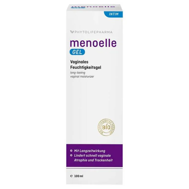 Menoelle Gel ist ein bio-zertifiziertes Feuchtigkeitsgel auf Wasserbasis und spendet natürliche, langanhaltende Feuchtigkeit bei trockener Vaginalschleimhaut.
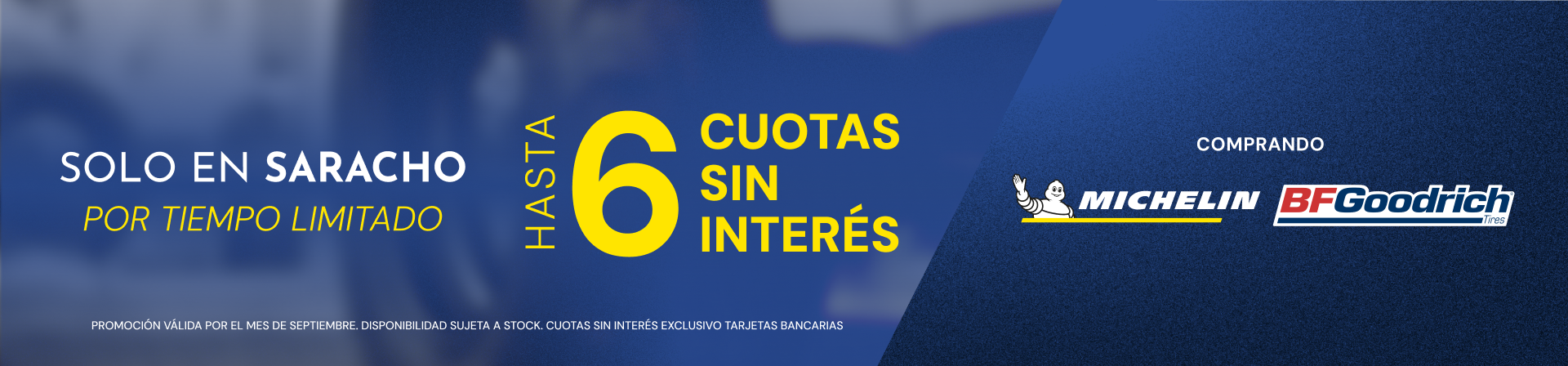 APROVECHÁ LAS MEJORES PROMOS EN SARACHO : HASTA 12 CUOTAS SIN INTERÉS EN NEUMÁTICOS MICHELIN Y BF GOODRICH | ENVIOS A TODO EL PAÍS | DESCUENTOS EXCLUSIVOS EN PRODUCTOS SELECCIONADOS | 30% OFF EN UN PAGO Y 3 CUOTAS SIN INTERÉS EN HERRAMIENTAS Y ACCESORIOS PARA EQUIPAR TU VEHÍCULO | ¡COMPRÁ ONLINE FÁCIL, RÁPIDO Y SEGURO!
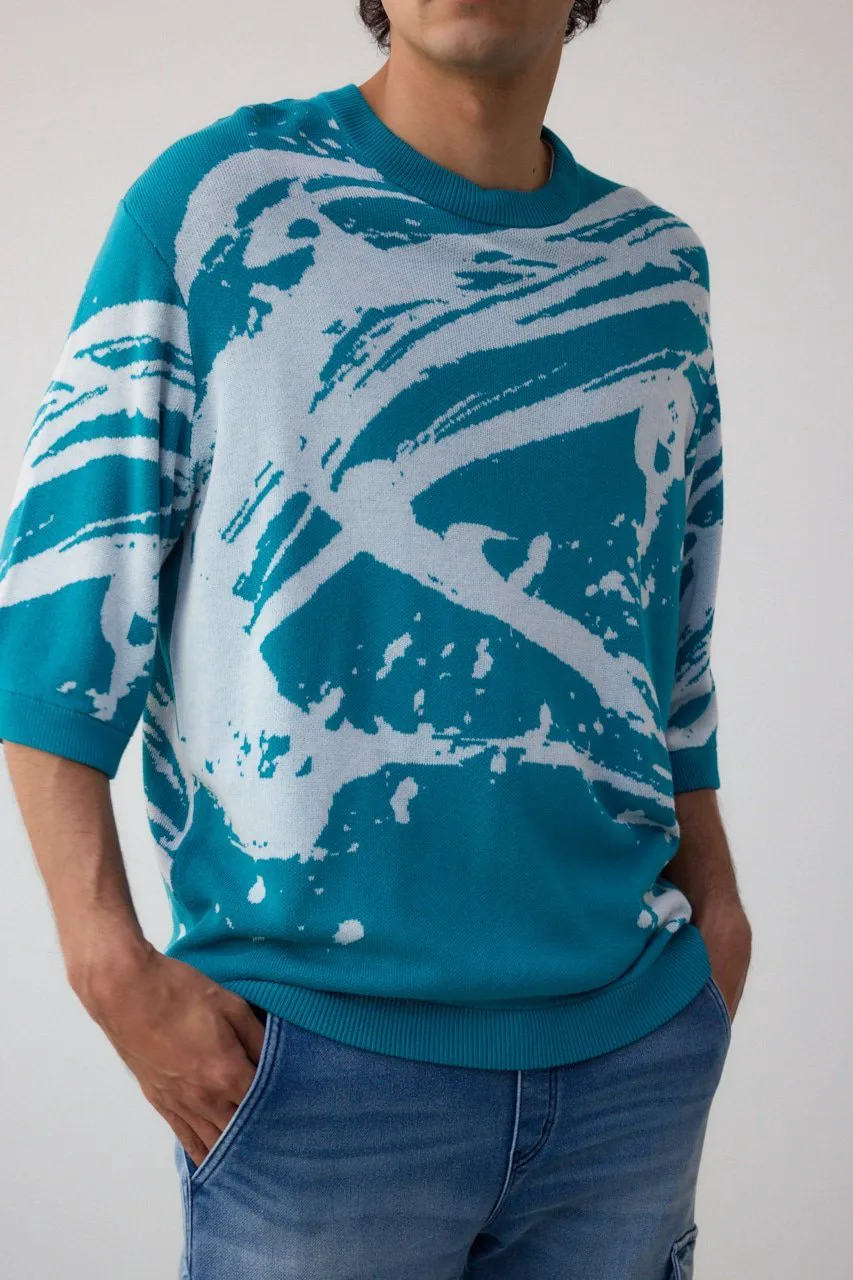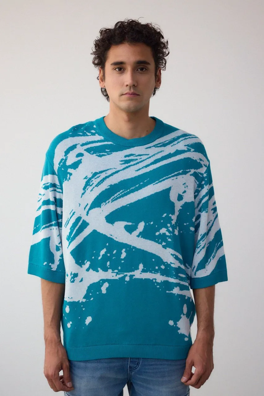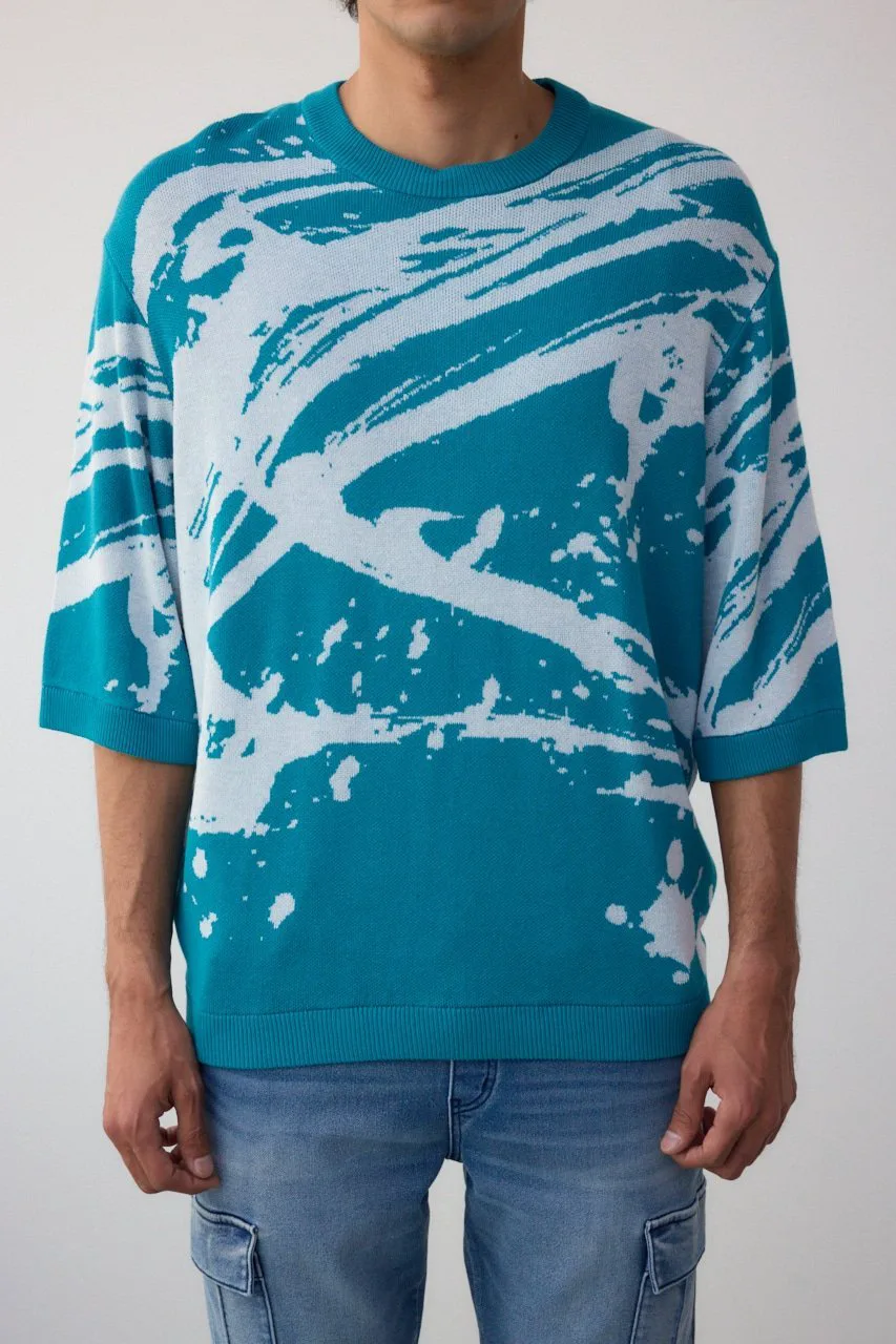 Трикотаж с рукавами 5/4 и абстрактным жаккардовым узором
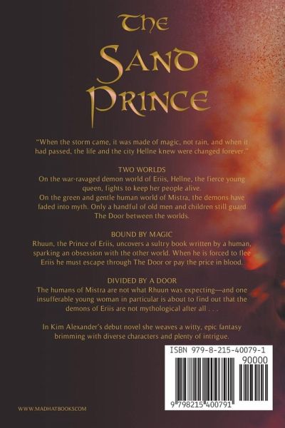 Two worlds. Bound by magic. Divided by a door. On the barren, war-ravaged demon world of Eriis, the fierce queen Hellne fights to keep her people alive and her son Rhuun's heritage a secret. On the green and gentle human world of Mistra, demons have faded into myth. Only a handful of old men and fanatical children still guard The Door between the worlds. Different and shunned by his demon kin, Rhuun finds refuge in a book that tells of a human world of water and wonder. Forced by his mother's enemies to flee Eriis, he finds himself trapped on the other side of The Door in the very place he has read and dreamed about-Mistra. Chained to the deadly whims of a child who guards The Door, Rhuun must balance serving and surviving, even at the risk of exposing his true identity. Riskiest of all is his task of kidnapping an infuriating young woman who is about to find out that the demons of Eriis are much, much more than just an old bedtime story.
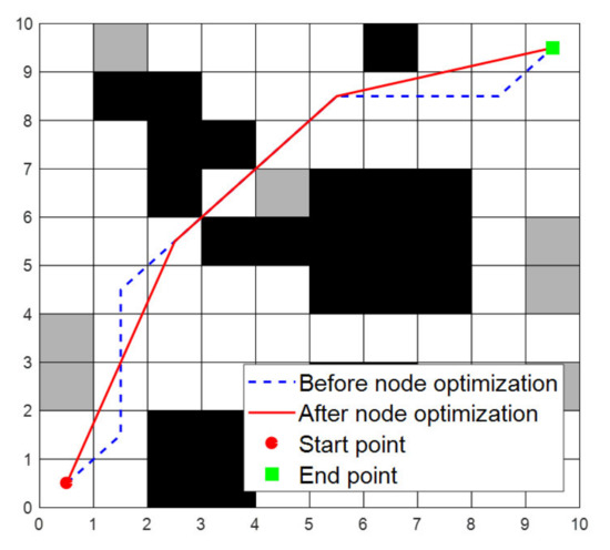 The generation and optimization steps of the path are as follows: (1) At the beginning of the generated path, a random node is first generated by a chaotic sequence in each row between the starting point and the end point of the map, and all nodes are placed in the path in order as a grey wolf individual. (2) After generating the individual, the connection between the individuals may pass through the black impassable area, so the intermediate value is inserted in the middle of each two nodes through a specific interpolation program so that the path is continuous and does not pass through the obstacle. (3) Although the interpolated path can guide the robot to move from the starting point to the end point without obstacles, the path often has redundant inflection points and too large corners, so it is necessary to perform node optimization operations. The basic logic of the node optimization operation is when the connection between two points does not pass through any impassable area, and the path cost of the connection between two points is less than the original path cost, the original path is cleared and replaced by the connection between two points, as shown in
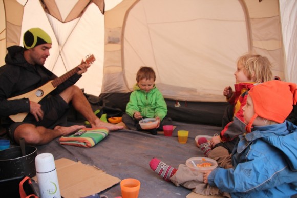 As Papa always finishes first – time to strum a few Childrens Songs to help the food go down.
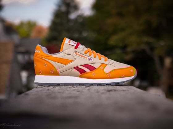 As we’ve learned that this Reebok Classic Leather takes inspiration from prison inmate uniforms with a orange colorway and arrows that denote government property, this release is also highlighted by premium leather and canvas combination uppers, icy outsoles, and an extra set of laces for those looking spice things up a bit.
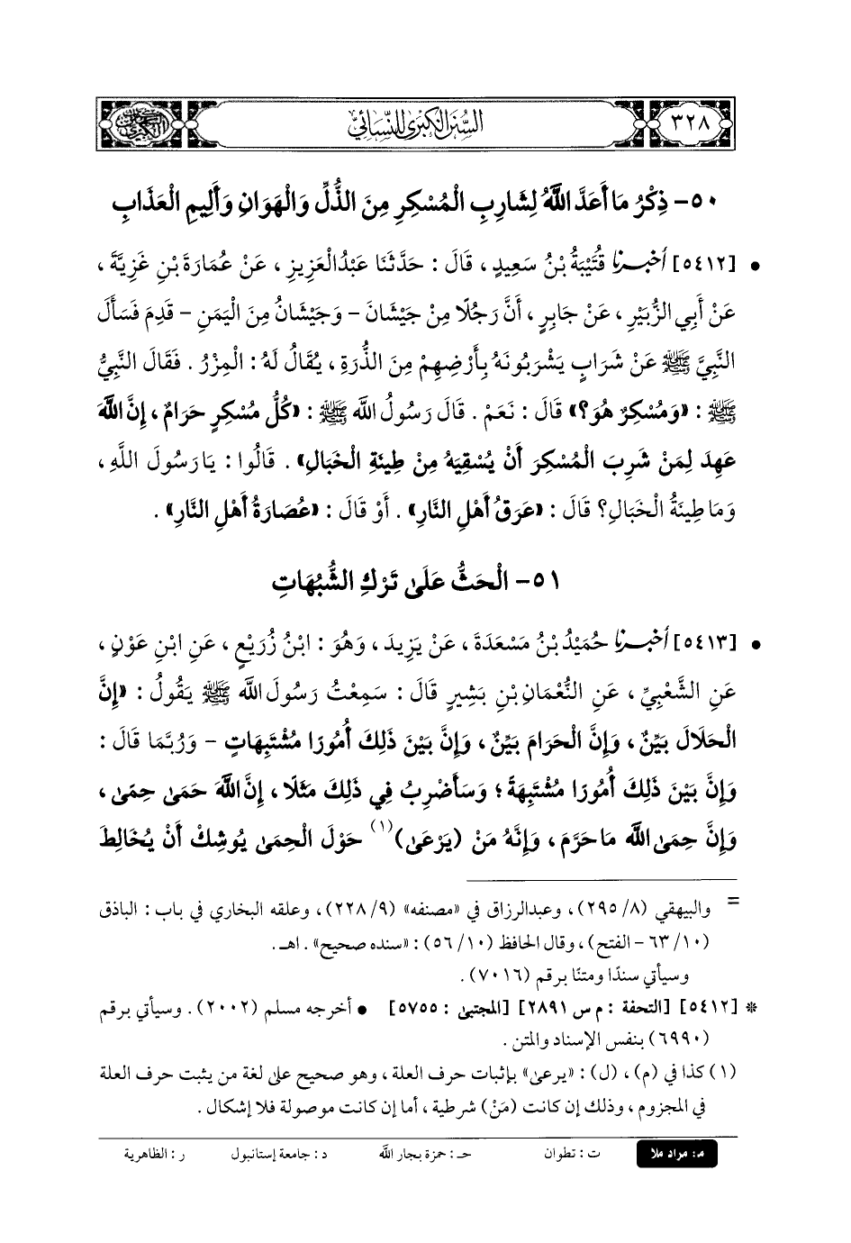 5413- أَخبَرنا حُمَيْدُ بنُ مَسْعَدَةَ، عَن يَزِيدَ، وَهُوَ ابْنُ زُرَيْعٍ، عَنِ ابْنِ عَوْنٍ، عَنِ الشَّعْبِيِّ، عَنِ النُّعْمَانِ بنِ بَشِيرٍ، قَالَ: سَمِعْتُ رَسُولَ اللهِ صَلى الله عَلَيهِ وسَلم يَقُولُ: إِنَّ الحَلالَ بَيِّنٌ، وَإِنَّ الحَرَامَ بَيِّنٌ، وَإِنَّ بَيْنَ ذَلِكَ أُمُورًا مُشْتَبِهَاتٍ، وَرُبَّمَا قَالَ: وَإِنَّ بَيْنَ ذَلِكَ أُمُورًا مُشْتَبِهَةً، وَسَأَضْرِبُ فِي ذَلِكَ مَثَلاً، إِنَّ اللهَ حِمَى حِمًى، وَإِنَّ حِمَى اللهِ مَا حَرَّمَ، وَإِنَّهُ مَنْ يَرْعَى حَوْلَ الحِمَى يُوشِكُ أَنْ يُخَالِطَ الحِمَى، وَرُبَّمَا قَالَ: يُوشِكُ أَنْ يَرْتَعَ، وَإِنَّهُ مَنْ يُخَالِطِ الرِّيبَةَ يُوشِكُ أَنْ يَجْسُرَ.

======

**Your objective**
All that is needed is the data above, repeated exactly, without the pictures.

**Output of the task**
 Menoelle Gel ist ein bio-zertifiziertes Feuchtigkeitsgel auf Wasserbasis und spendet natürliche, langanhaltende Feuchtigkeit bei trockener Vaginalschleimhaut.
 APROVECHÁ LAS MEJORES PROMOS EN SARACHO : HASTA 12 CUOTAS SIN INTERÉS EN NEUMÁTICOS MICHELIN Y BF GOODRICH | ENVIOS A TODO EL PAÍS | DESCUENTOS EXCLUSIVOS EN PRODUCTOS SELECCIONADOS | 30% OFF EN UN PAGO Y 3 CUOTAS SIN INTERÉS EN HERRAMIENTAS Y ACCESORIOS PARA EQUIPAR TU VEHÍCULO | ¡COMPRÁ ONLINE FÁCIL, RÁPIDO Y SEGURO!
 Трикотаж с рукавами 5/4 и абстрактным жаккардовым узором
 Two worlds. Bound by magic. Divided by a door. On the barren, war-ravaged demon world of Eriis, the fierce queen Hellne fights to keep her people alive and her son Rhuun's heritage a secret. On the green and gentle human world of Mistra, demons have faded into myth. Only a handful of old men and fanatical children still guard The Door between the worlds. Different and shunned by his demon kin, Rhuun finds refuge in a book that tells of a human world of water and wonder. Forced by his mother's enemies to flee Eriis, he finds himself trapped on the other side of The Door in the very place he has read and dreamed about-Mistra. Chained to the deadly whims of a child who guards The Door, Rhuun must balance serving and surviving, even at the risk of exposing his true identity. Riskiest of all is his task of kidnapping an infuriating young woman who is about to find out that the demons of Eriis are much, much more than just an old bedtime story.
 The generation and optimization steps of the path are as follows: (1) At the beginning of the generated path, a random node is first generated by a chaotic sequence in each row between the starting point and the end point of the map, and all nodes are placed in the path in order as a grey wolf individual. (2) After generating the individual, the connection between the individuals may pass through the black impassable area, so the intermediate value is inserted in the middle of each two nodes through a specific interpolation program so that the path is continuous and does not pass through the obstacle. (3) Although the interpolated path can guide the robot to move from the starting point to the end point without obstacles, the path often has redundant inflection points and too large corners, so it is necessary to perform node optimization operations. The basic logic of the node optimization operation is when the connection between two points does not pass through any impassable area, and the path cost of the connection between two points is less than the original path cost, the original path is cleared and replaced by the connection between two points, as shown in
 As Papa always finishes first – time to strum a few Childrens Songs to help the food go down.
 As we’ve learned that this Reebok Classic Leather takes inspiration from prison inmate uniforms with a orange colorway and arrows that denote government property, this release is also highlighted by premium leather and canvas combination uppers, icy outsoles, and an extra set of laces for those looking spice things up a bit.
 5413- أَخبَرنا حُمَيْدُ بنُ مَسْعَدَةَ، عَن يَزِيدَ، وَهُوَ ابْنُ زُرَيْعٍ، عَنِ ابْنِ عَوْنٍ، عَنِ الشَّعْبِيِّ، عَنِ النُّعْمَانِ بنِ بَشِيرٍ، قَالَ: سَمِعْتُ رَسُولَ اللهِ صَلى الله عَلَيهِ وسَلم يَقُولُ: إِنَّ الحَلالَ بَيِّنٌ، وَإِنَّ الحَرَامَ بَيِّنٌ، وَإِنَّ بَيْنَ ذَلِكَ أُمُورًا مُشْتَبِهَاتٍ، وَرُبَّمَا قَالَ: وَإِنَّ بَيْنَ ذَلِكَ أُمُورًا مُشْتَبِهَةً، وَسَأَضْرِبُ فِي ذَلِكَ مَثَلاً، إِنَّ اللهَ حِمَى حِمًى، وَإِنَّ حِمَى اللهِ مَا حَرَّمَ، وَإِنَّهُ مَنْ يَرْعَى حَوْلَ الحِمَى يُوشِكُ أَنْ يُخَالِطَ الحِمَى، وَرُبَّمَا قَالَ: يُوشِكُ أَنْ يَرْتَعَ، وَإِنَّهُ مَنْ يُخَالِطِ الرِّيبَةَ يُوشِكُ أَنْ يَجْسُرَ.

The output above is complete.